French retailer Carrefour, which had held talks with several Indian companies for a joint venture, may now enter the country through the wholesale cash-and-carry route.
According to sources, the world's second-largest retailer is preparing to inform its decision to the Foreign Investment Promotion Board (FIPB).
Since 100 per cent foreign direct investment (FDI) is allowed in the wholesale cash-and-carry route, Carrefour is most likely to come on its own, without any Indian partner.
If it does take the plunge as a wholesaler, Carrefour would merely be following the footsteps of Wal-Mart - its toughest competitor and the world's number one retailer.
Wal-Mart has already used this route to set up shop in India. Globally, Carrefour operates many retail formats such as hypermarkets, supermarkets, discount and convenience stores, but its cash-and-carry business is restricted to the home market of France and Italy.
Of the 154 cash-and-carry stores from Carrefour, only 20 are in Italy. The remaining 134 are spread across France.
Each store is between 2,000-4,000 sq m in size.
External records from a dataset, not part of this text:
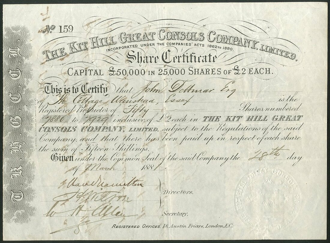 Great Britain: Kit Hill Great Consols Company Limited, £2 shares, 188[1], #159, black, attractive embossed seal depicts castle gates. Creased, VF and rare.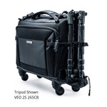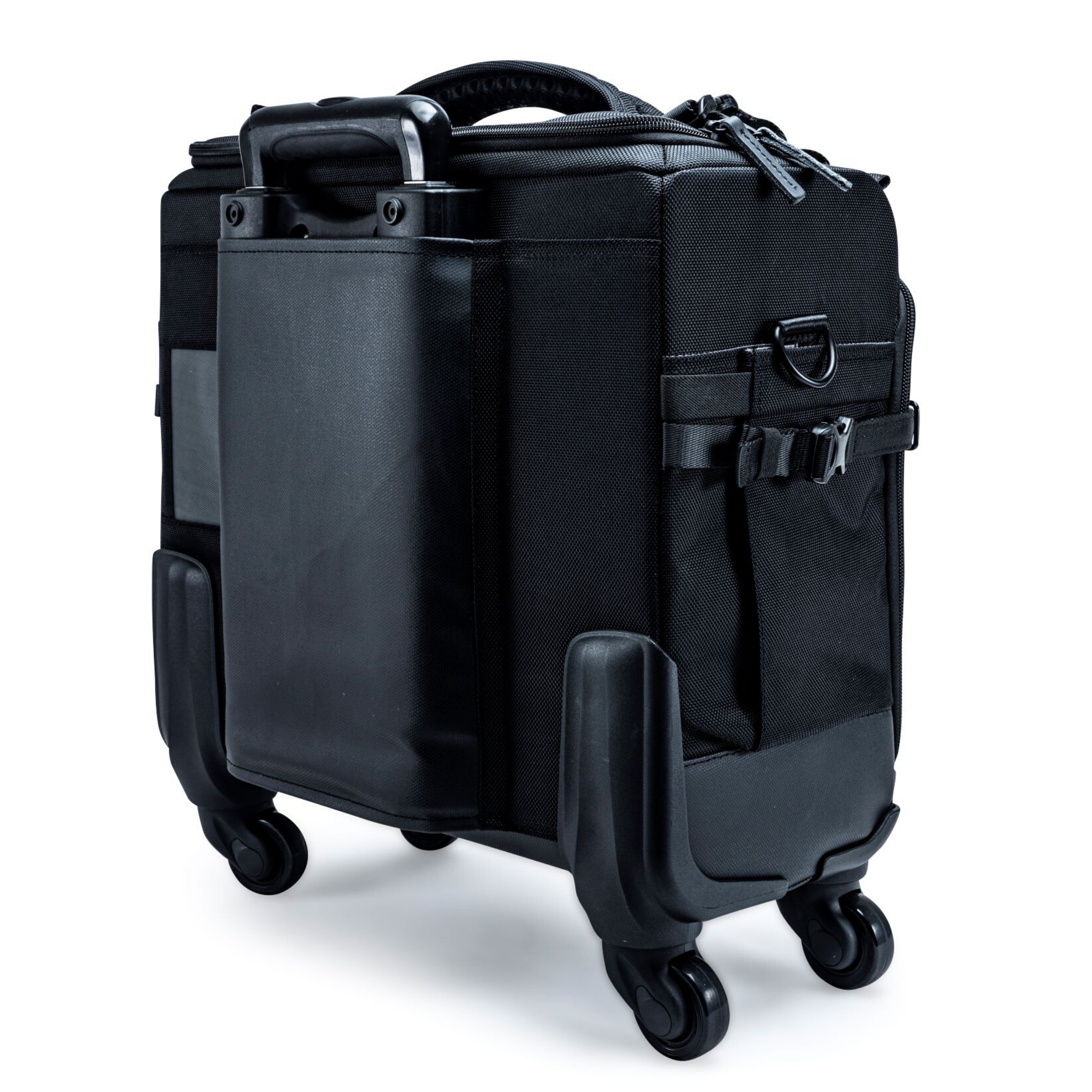 It will also fit up to two tripods. The main tripod pocket is discretely tucked away on the side when not needed, but can then be set up in seconds for most tripods. The second travel tripod (or monopod or lighting stand) can be attached to the straps provided on the top of this roller bag.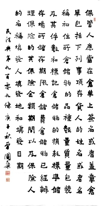 民法典第九百零九條 保管人應當在倉單上簽名或者蓋章。倉單包括下列事項: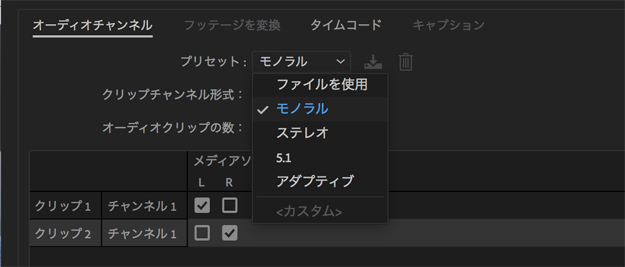 Premiere Proは初期設定では「音声をそのままの形式で使う」設定になっています。2モノラルなら2トラック別々ですが、1ステレオなら1ステレオトラックというようにトラック数が変わってしまうんですね。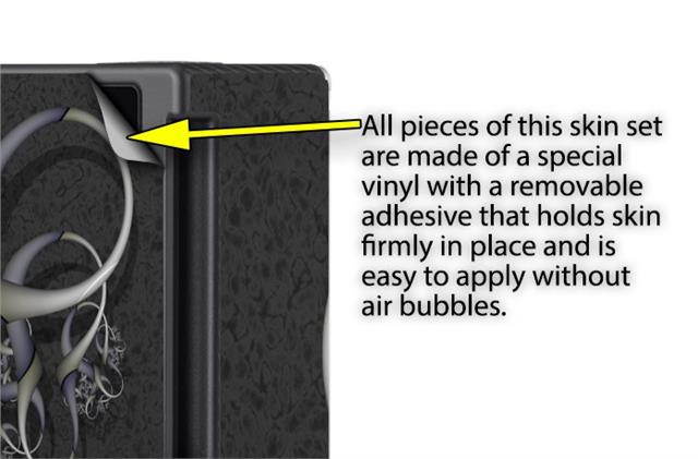WraptoSkinz™ skins are superb photo quality designs and vibrant colors printed with special Eco-Friendly, fade resistant inks. Our skins are self-adhering flexible vinyl skins that helps prevent scratches. Made of composite, multi-layered commercial grade materials. The bottom layer is made with a special removable adhesive that is easily positioned and applied without air bubbles. We print your design on the bottom layer then bond a professional grade laminate over the entire skin adding a glossy protective finish.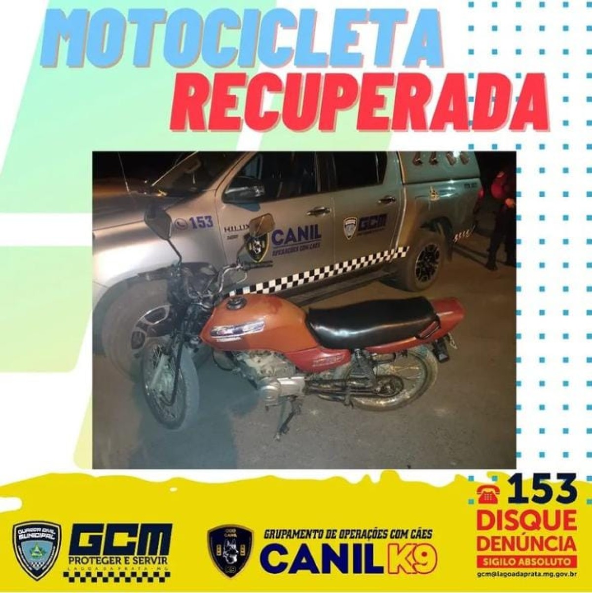 Nesta sexta-feira (27/05), as equipes da GCM foram informadas que uma motocicleta Honda CG Titan 125, de cor vermelha, furtada em data pretérita de 17/05/2022, estaria circulando por vários bairros da cidade de Lagoa da Prata, possivelmente sendo utilizada para tráfico de drogas.
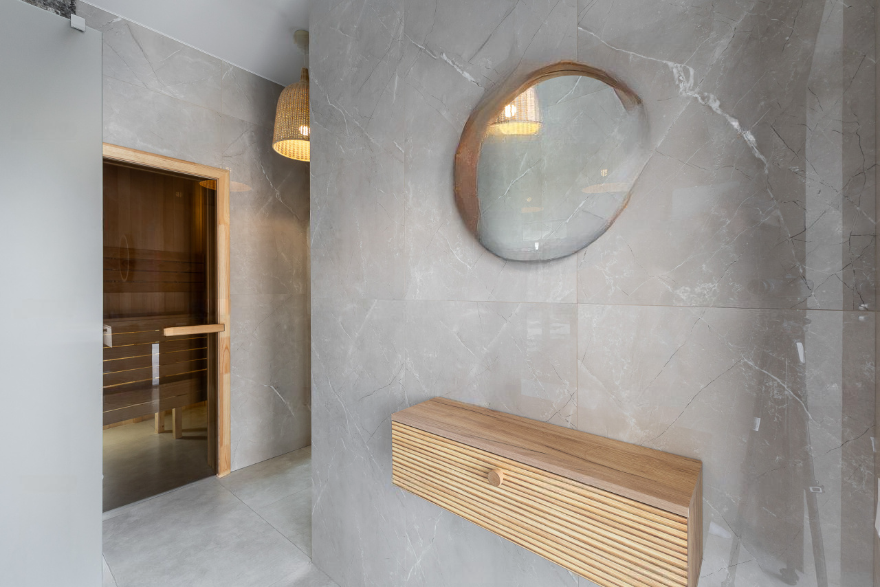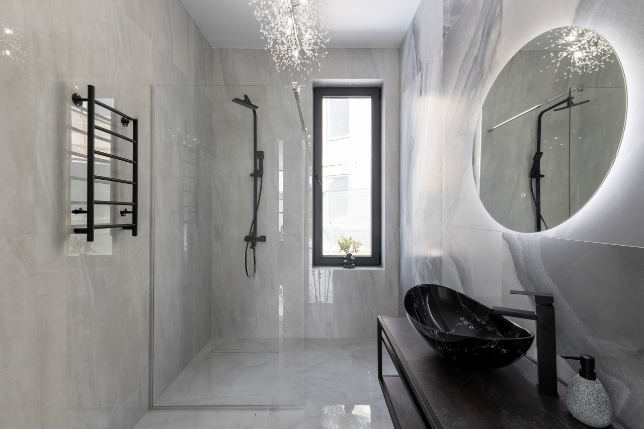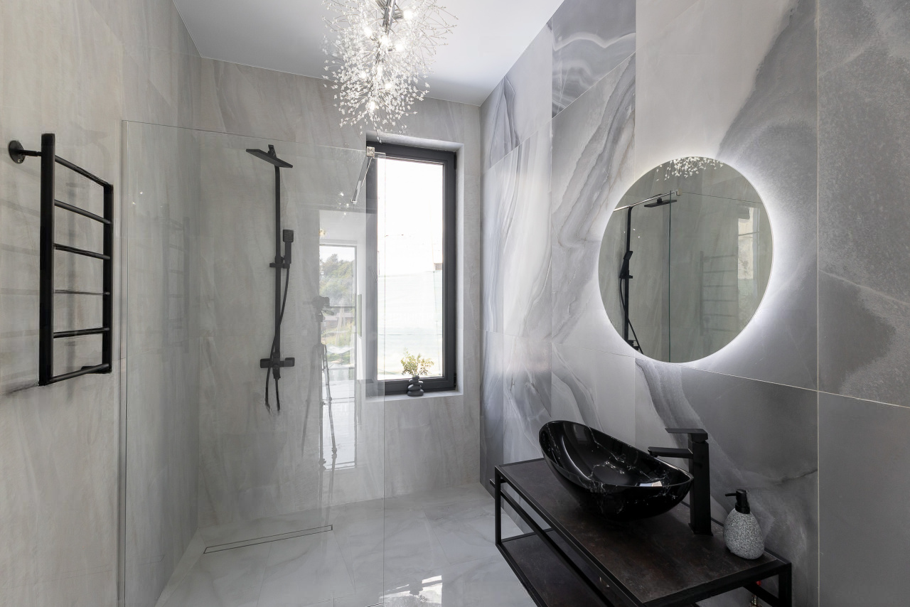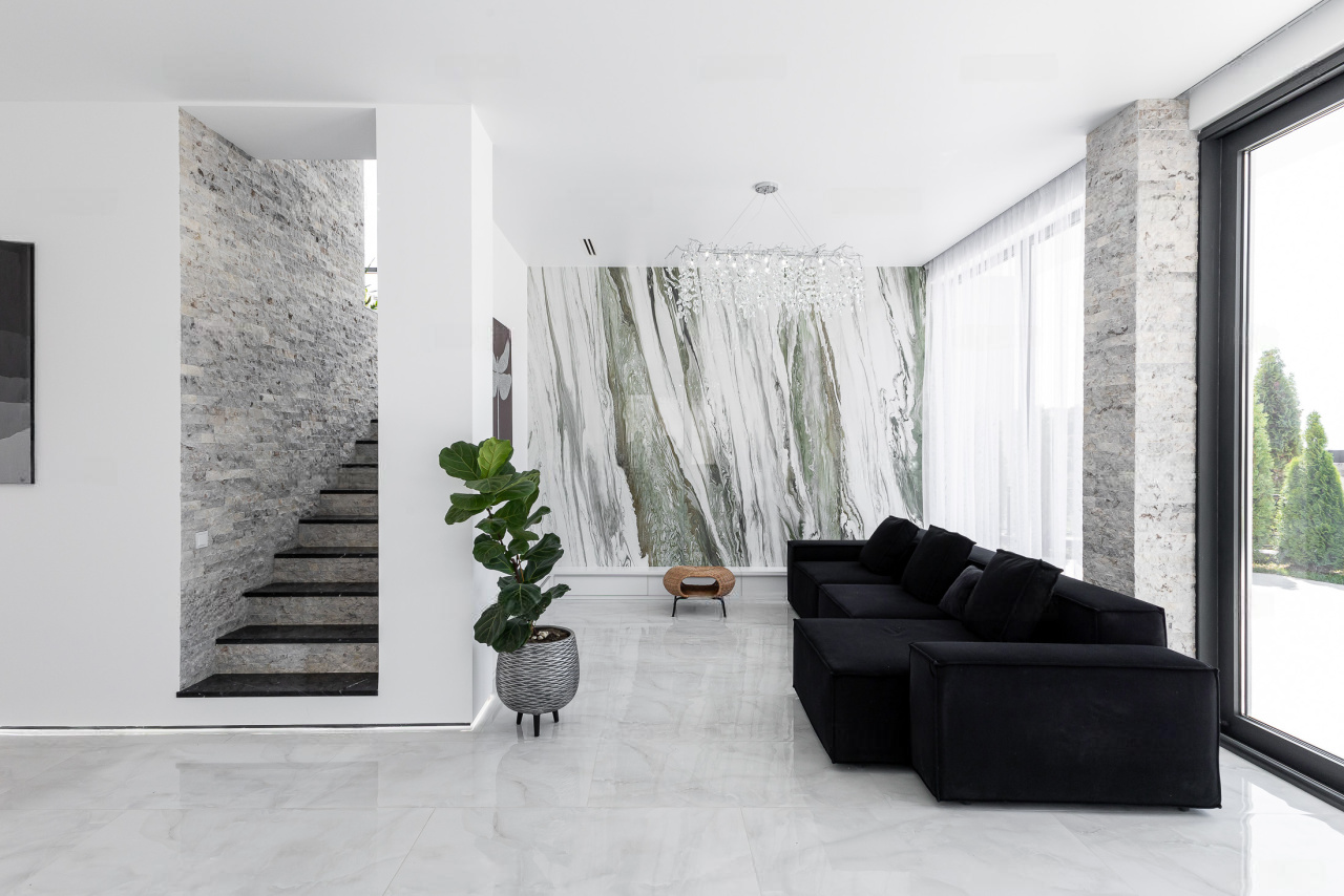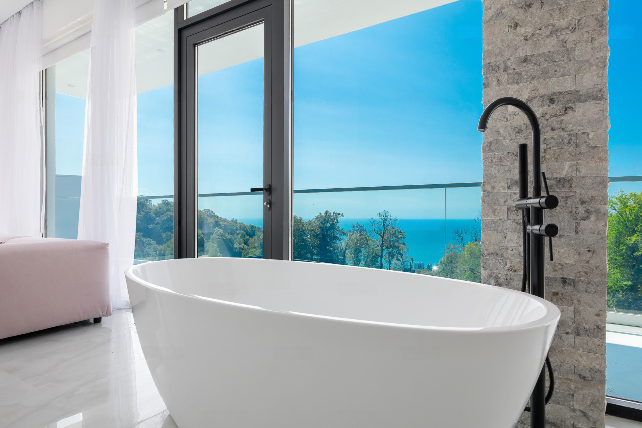 Фундамент: свайное поле из 17 буронабивных свай. Облицовка фасадов здания: из натурального камня Травертин, состыкованный с вентилируемым фасадом на под системе из премиального керамогранита. Окна Алюминиевые: Alumil (Премиальная серия, Греция), автоматика Zigenia (Германия). Практически из всех окон дома открывается панорамный вид на Черноморское побережье, Олимпийский парк и образовательный центр Сириус.

In France, the cash-and- carry operations is done under the Promocash brand. In Italy, it's known by the Docks Market and Gross Iper brands. Carrefour's decision to open cash-and-carry stores in India comes after months of unsuccessful deliberations with potential Indian partners.
Over the last few weeks, it reportedly held talks with many big Indian industrial houses, including the Ruias of Essar, Anil Ambani of ADAG Group, K P Singh of DLF and Kishore Biyani of the Future Group.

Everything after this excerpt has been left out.